=== Begin Enclosure ===

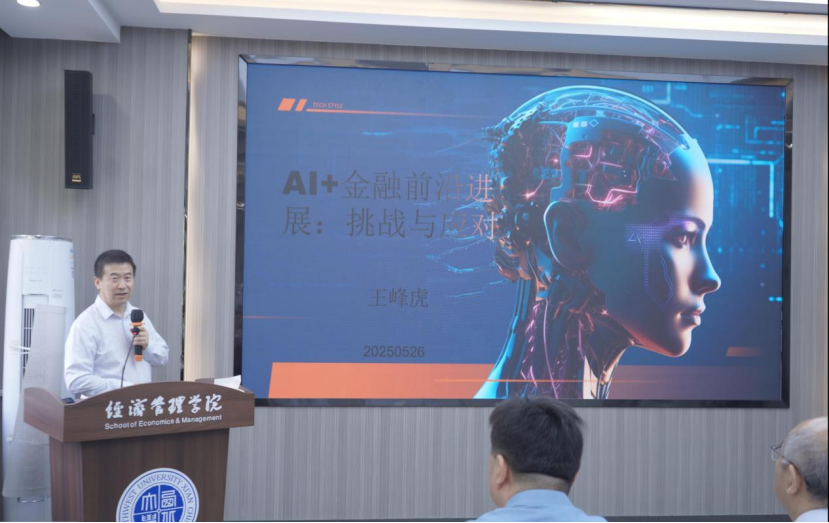 我院金融系副主任王峰虎带来《AI+金融前沿进展:挑战与应对》主旨演讲。王老师分享了AI技术在风险管理、算法交易、个性化金融服务、区块链金融等领域的前沿应用,指出AI与金融相融合,可以全面提升金融服务效率、智能化水平和金融安全性,实现金融业务从经验驱动到数据驱动的模式转变。王老师解析了“AI+金融”从单点融合到协同创新的融合路径,分析了从“服务中介”到“智能中枢”产业生态演进趋势,探讨了面临的技术瓶颈、监管困境及“AI+金融”复合型人才培养改革。
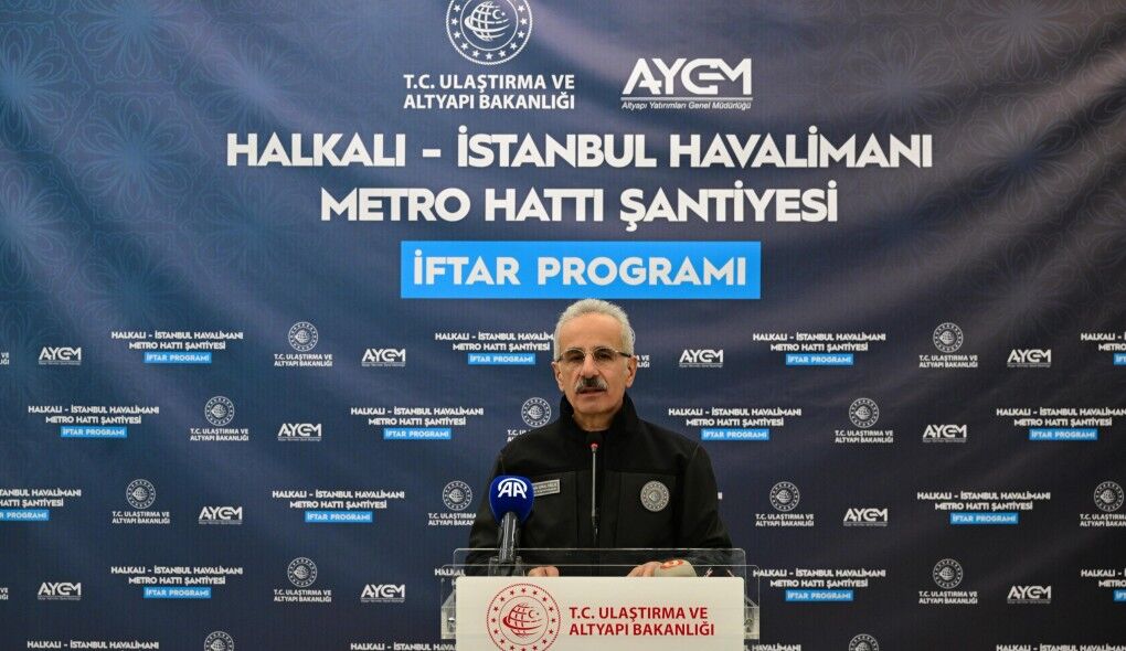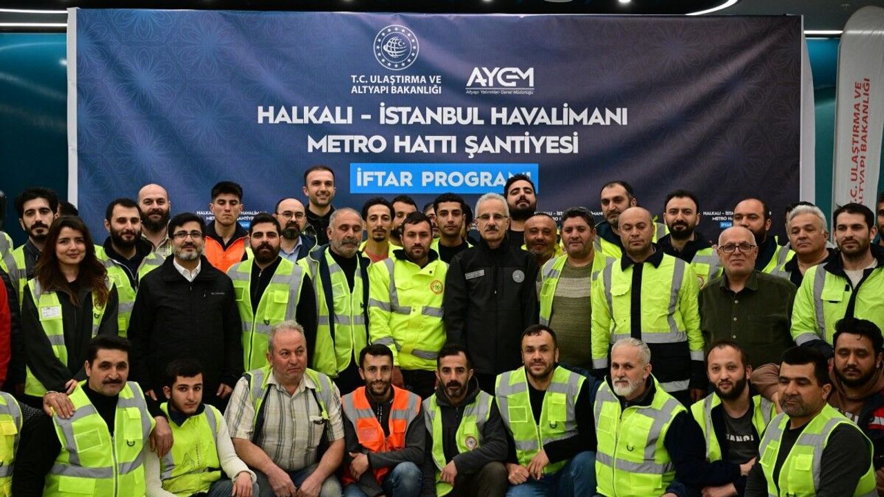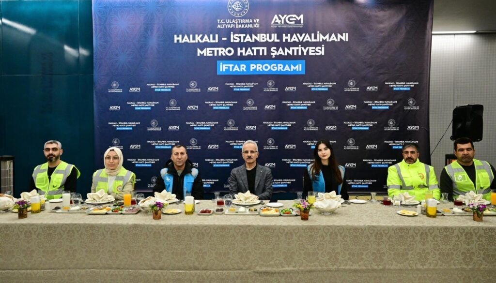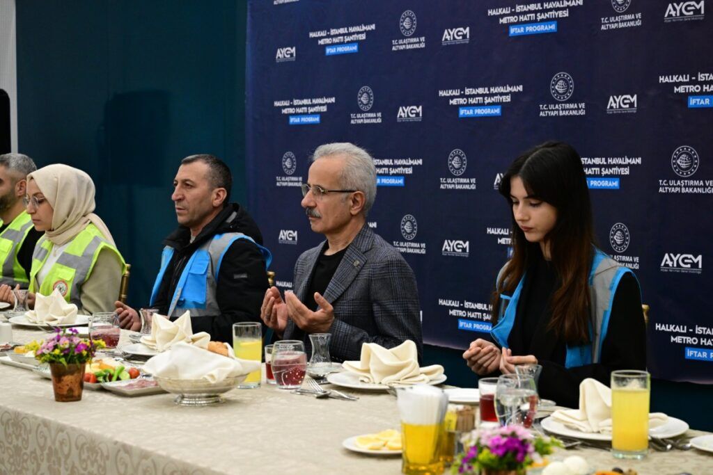 Ulaştırma ve Altyapı Bakanı Abdulkadir Uraloğlu, Halkalı-İstanbul Havalimanı Metro Hattı Şantiyesi’nde çalışan işçiler ile iftar programında bir araya geldi. Burada konuşan Uraloğlu, “Sizlerin alın teri, fedakarlığı ve azmiyle ilerleyen Halkalı- İstanbul Havalimanı Metro Hattımızın Halkalı Stadyum İstasyonu şantiyesinde sizlerle yan yana iftar açmak benim için gerçekten çok kıymetli. Mübarek Ramazan ayının bu bereketli sofrasında, sizlerle bir araya gelmekten büyük memnuniyet duyuyorum. Biliyorsunuz Ramazan, sadece aç ve susuz kalmak değil, aynı zamanda gönüllerimizi de arındırmak, birlik ve beraberliğimizi pekiştirmek demektir.” ifadelerini kullandı.
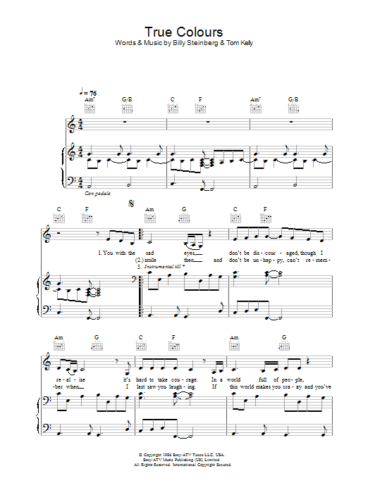 Download or print Eva Cassidy True Colours sheet music, chords and digital score arranged for Alto Sax Solo. This Pop score includes 3 page(s).
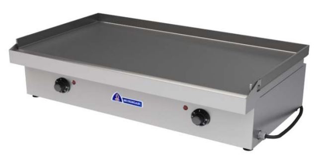 La Plancha Lisa sobremesa Eléctrica MUNDIGAS esta fabricada en acero inoxidable. Equipada con piloto indicador de encendido y regulación de temperatura mediante termostato. La placa decapada es lisa y tiene un espesor de 8 mm.
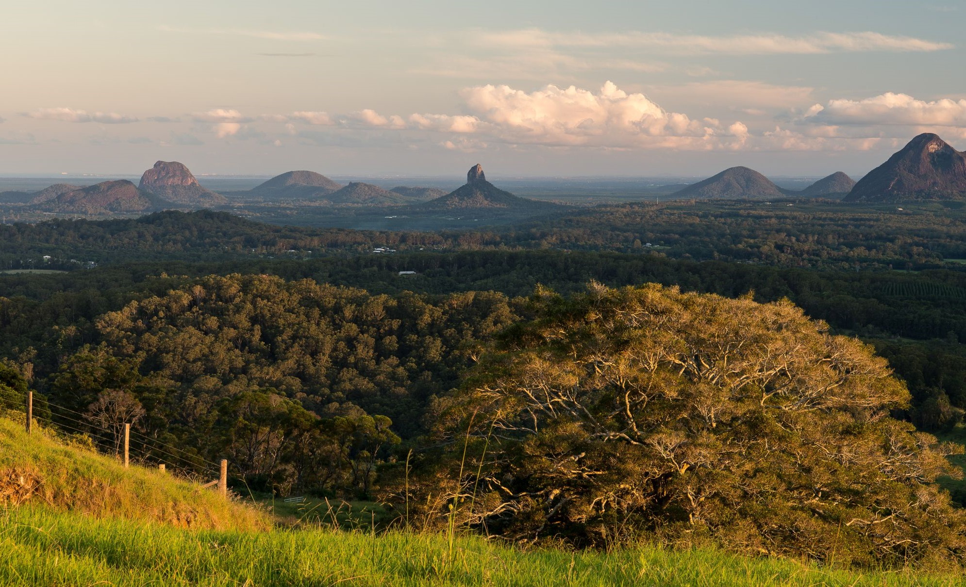 Sprawling out from Maleny, a stunningly green, undulating countryside, dotted with cows, interspersed with pockets of remnant rainforest, and offset by compelling bird’s-eye views of the Glass House Mountains. A must-do is Mary Cairncross Scenic Reserve, a spectacular rainforest with boardwalks threading through this fabulous reserve, abuzz with raucous tropical birdlife. The magnificent elevated viewing deck offers a dreamy panoramic outlook across the eleven thrusting vertical rocky columns of the Glasshouse Mountains.

=== End Enclosure ===

TASK PROMPT.
Nothing in the entries above should change when they are printed again, except that the pictures are dropped.

RESULT OF THIS TASK.
 我院金融系副主任王峰虎带来《AI+金融前沿进展:挑战与应对》主旨演讲。王老师分享了AI技术在风险管理、算法交易、个性化金融服务、区块链金融等领域的前沿应用,指出AI与金融相融合,可以全面提升金融服务效率、智能化水平和金融安全性,实现金融业务从经验驱动到数据驱动的模式转变。王老师解析了“AI+金融”从单点融合到协同创新的融合路径,分析了从“服务中介”到“智能中枢”产业生态演进趋势,探讨了面临的技术瓶颈、监管困境及“AI+金融”复合型人才培养改革。
 Ulaştırma ve Altyapı Bakanı Abdulkadir Uraloğlu, Halkalı-İstanbul Havalimanı Metro Hattı Şantiyesi’nde çalışan işçiler ile iftar programında bir araya geldi. Burada konuşan Uraloğlu, “Sizlerin alın teri, fedakarlığı ve azmiyle ilerleyen Halkalı- İstanbul Havalimanı Metro Hattımızın Halkalı Stadyum İstasyonu şantiyesinde sizlerle yan yana iftar açmak benim için gerçekten çok kıymetli. Mübarek Ramazan ayının bu bereketli sofrasında, sizlerle bir araya gelmekten büyük memnuniyet duyuyorum. Biliyorsunuz Ramazan, sadece aç ve susuz kalmak değil, aynı zamanda gönüllerimizi de arındırmak, birlik ve beraberliğimizi pekiştirmek demektir.” ifadelerini kullandı.
 Download or print Eva Cassidy True Colours sheet music, chords and digital score arranged for Alto Sax Solo. This Pop score includes 3 page(s).
 La Plancha Lisa sobremesa Eléctrica MUNDIGAS esta fabricada en acero inoxidable. Equipada con piloto indicador de encendido y regulación de temperatura mediante termostato. La placa decapada es lisa y tiene un espesor de 8 mm.
 Sprawling out from Maleny, a stunningly green, undulating countryside, dotted with cows, interspersed with pockets of remnant rainforest, and offset by compelling bird’s-eye views of the Glass House Mountains. A must-do is Mary Cairncross Scenic Reserve, a spectacular rainforest with boardwalks threading through this fabulous reserve, abuzz with raucous tropical birdlife. The magnificent elevated viewing deck offers a dreamy panoramic outlook across the eleven thrusting vertical rocky columns of the Glasshouse Mountains.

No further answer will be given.